Robin Scott Wilson (September 19, 1928September 2013) was an American science fiction author and editor, and President of California State University, Chico from 1980 to 1993.

Life and career
Wilson was born in Columbus, Ohio and earned a BA degree from Ohio State University in 1949, before spending a year in the Merchant Marine.  He then went back to school, obtaining an MA at the University of Illinois.  He served in military intelligence in the United States Navy for several years, before finishing his PhD work at the University of Illinois in 1959.

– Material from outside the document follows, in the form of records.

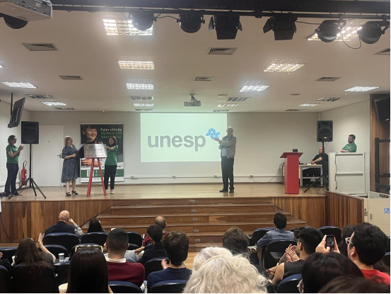 揭牌仪式上,外方院长保利诺教授阐释:“电影俱乐部的成立是2025国际中文日的‘时空礼物’——它让巴西观众在镜头推移间,触摸中国历史的温度,聆听当代中国的叙事角度。孔子学院不仅仅是中文学习的殿堂,更真正成为中巴文化交流的坚实桥梁,承载着两国文明互鉴的重要使命。未来,俱乐部将以影像为纽带,通过‘展映+学术+互动’三维模式,将中文教育由单纯的语言学习拓展至文明对话的深层维度,为巴西民众打开一扇沉浸式感知中华文化的全景视窗。”中方院长叶丹与圣保罗大学传播与艺术学院教授塞西莉娅·梅洛共同为俱乐部揭牌。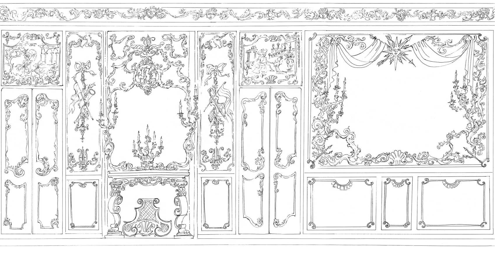 Elegant Rococo wall paneling wallpaper with vintage charm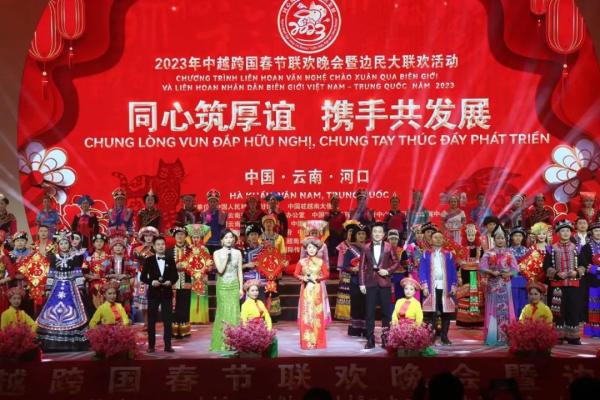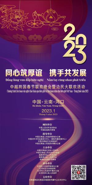 中国和越南是山水相连的好邻居、好朋友,是志同道合、命运与共的好同志、好伙伴。中越两国人民的传统节日春节即将到来之际,由中国人民对外友好协会、中国驻越南大使馆担任顾问单位,云南省人民政府新闻办公室、中国对外书刊出版发行中心(国际传播发展中心)、云南省文化和旅游厅、云南省人民政府外事办公室作为指导单位,由红河州人民政府、云南省人民对外友好协会、越南驻昆明总领事馆、越南老街省人民委员会、越南莱州省人民委员会共同主办的 2023 年中越跨国春节联欢晚会暨边民大联欢活动将于1月18日至19日分别在红河州河口县、老街省老街市举行。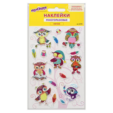 Наклейки зефирные «Мудрые совы», многоразовые, 10*15 см, ЮНЛАНДИЯ

Wilson worked for the CIA for several years in the 1960s before deciding to devote himself to teaching and writing.  He taught English and writing, and organized the original Clarion Writers Workshop, at Clarion State College, Pennsylvania 1968, followed by instruction at Tulane University, and Michigan State University.  He also wrote several science fiction novels, and served as a consulting editor for the Journal of Higher Education.  He had several short stories published in The Magazine of Fantasy & Science Fiction during the 1990s.    In many of his fiction works, he is credited as "Robin Scott".

In 1980, Wilson was appointed President of California State University, Chico.  In March 1987, the university was named the number one party school in the nation. This prompted Wilson to demand that the local police actively intervene in the parties, shutting them down by force. During the last week in April, police wearing riot gear marched into a crowd of pedestrians in a flying v formation, causing a police riot. The annual observation of Pioneer Days, ordinarily held on the first Saturday in May was suspended. The annual event has since been re-organized.  He also asked the ROTC to leave the campus, after a resolution passed by the school's faculty senate.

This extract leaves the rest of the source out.